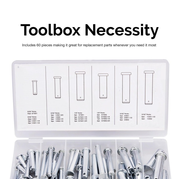 - INCLUDED: Our steel pin clevis zinc set comes neatly organized in a divided transparent case for easy storage and high visibility. The assorted set includes three-hole sizes: 3/32″ x 26 Pieces, 1/8″ x 20 Pieces, and 5/32″ x 14 Pieces.
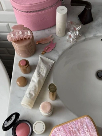 Макияж. Тон — легкий, с едва заметным выравниванием. Живой румянец усиливает ощущение естественности. Бальзам для губ с оттенком заменяет полноценную помаду. Такой вариант легко освежает лицо и держит ритм дня. Можно подчеркнуть брови и добавить немного хайлайтера на переносицу и скулы, чтобы лицо выглядело светлее. Эффект «чистой кожи» — главный ориентир: кажется, будто вы только проснулись и вышли из дома, но при этом выглядите собранно.
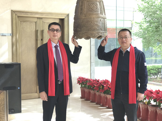 總公司董事長(zhǎng)劉東幸和副董事長(zhǎng)施兵共同敲響了掛牌銅鑼,共同見證了這具有歷史意義的一刻。
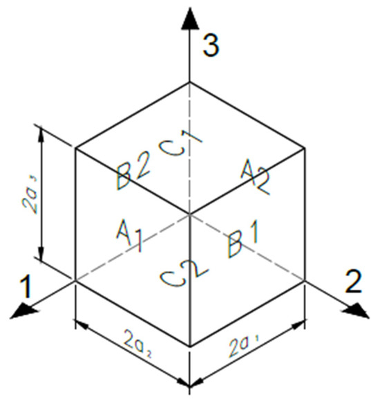 In this work, the homogenization procedure was fully implemented using the Material Designer module of ANSYS® (2023) [33], which automates the steps of geometry definition, mesh generation, material assignment, application of periodic boundary conditions, and mechanical analysis. Unlike asymptotic-based homogenization theories, this tool adopts a purely computational approach, relying on periodic boundary conditions and stress-strain averaging over a representative volume element, without requiring explicit analytical developments. The scaffold was modeled as a periodic medium in the three spatial directions, with the unit cell defined by parameters such as porosity, pore size, and layer height [39]. The PLA material was considered isotropic at the filament scale, while anisotropy at the scaffold level results from the internal architecture and printing pattern. The module outputs the homogenized orthotropic elastic constants derived from the unit cell’s response under six independent load cases. The unit cell configuration and its boundary surfaces are illustrated in Figure 5.
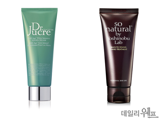 <사진. 닥터 쥬크르_에스엠이 에이지마이너스 화이트 인텐시브 캐어 핸드크림(왼쪽), 쏘내추럴_백 투 영 핸드 트리트먼트>
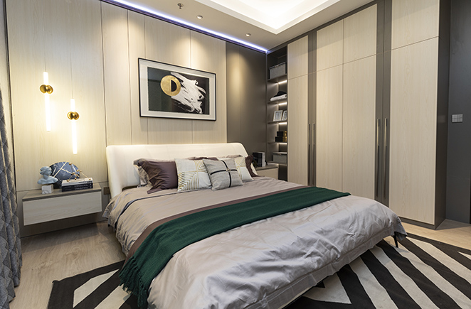 大面积运用橄榄木+高原雪橡/印象白的撞色搭配,给人明朗、活泼、自然之感。橄榄木护墙系统,隔音防潮,营造舒适睡眠空间。嵌入式衣柜及推拉门设计,不占用空间,将简洁风格发挥到极致。
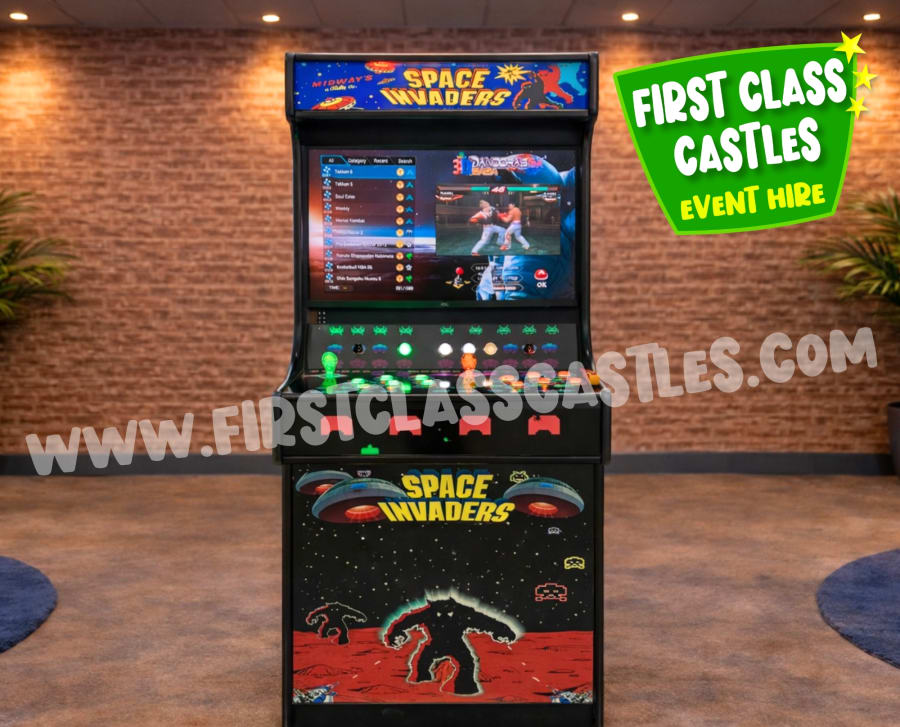 Description: First Class Castles are delighted to introduce our all new Retro Arcade Game Machine hire. Our game machines are preloaded with a Pandora Games System containing over 3,000 game options for your users to enjoy. The machines standing 5ft tall are visually striking with assorted retro game branding, looking fantastic at any event site. Our Retro Arcade Game machines are equipped with a 24" clear display screen, illuminated buttons and crisp sound. This game is fully branded with Space Invaders graphics & led light box.
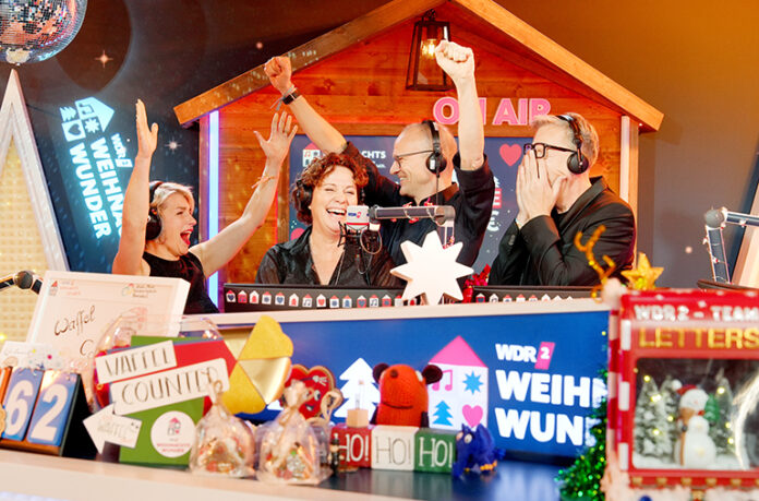 Bekannte Musik-Acts, kreative Spendenaktionen und gut hundert Stunden Live-Programm aus einem gläsernen Sendestudio: Der Essener Burgplatz wurde vom 13. bis 17. Dezember zur Live-Bühne. Unter dem Motto „Gemeinsam gegen den Hunger in der Welt“ rief das Bündnis „Aktion Deutschland Hilft“ bereits zum vierten Mal mit dem WDR zu Spenden auf. Die bekannten WDR 2 Moderatoren Sabine Heinrich, Steffi Neu, Jan Malte Andresen und Thomas Bug sendeten rund um die Uhr aus dem Glashaus vom Essener Weihnachtsmarkt. Beim „WDR 2 Weihnachtswunder“ ist in diesem Jahr die Rekord-Spendensumme von 15.644.256 Euro zusammengekommen. Foto: WDR

......

Transcribe exactly the lines from the one containing "Description: First Class" through the last line of the records above, and nothing else. Leave out the pictures.

 Description: First Class Castles are delighted to introduce our all new Retro Arcade Game Machine hire. Our game machines are preloaded with a Pandora Games System containing over 3,000 game options for your users to enjoy. The machines standing 5ft tall are visually striking with assorted retro game branding, looking fantastic at any event site. Our Retro Arcade Game machines are equipped with a 24" clear display screen, illuminated buttons and crisp sound. This game is fully branded with Space Invaders graphics & led light box.
 Bekannte Musik-Acts, kreative Spendenaktionen und gut hundert Stunden Live-Programm aus einem gläsernen Sendestudio: Der Essener Burgplatz wurde vom 13. bis 17. Dezember zur Live-Bühne. Unter dem Motto „Gemeinsam gegen den Hunger in der Welt“ rief das Bündnis „Aktion Deutschland Hilft“ bereits zum vierten Mal mit dem WDR zu Spenden auf. Die bekannten WDR 2 Moderatoren Sabine Heinrich, Steffi Neu, Jan Malte Andresen und Thomas Bug sendeten rund um die Uhr aus dem Glashaus vom Essener Weihnachtsmarkt. Beim „WDR 2 Weihnachtswunder“ ist in diesem Jahr die Rekord-Spendensumme von 15.644.256 Euro zusammengekommen. Foto: WDR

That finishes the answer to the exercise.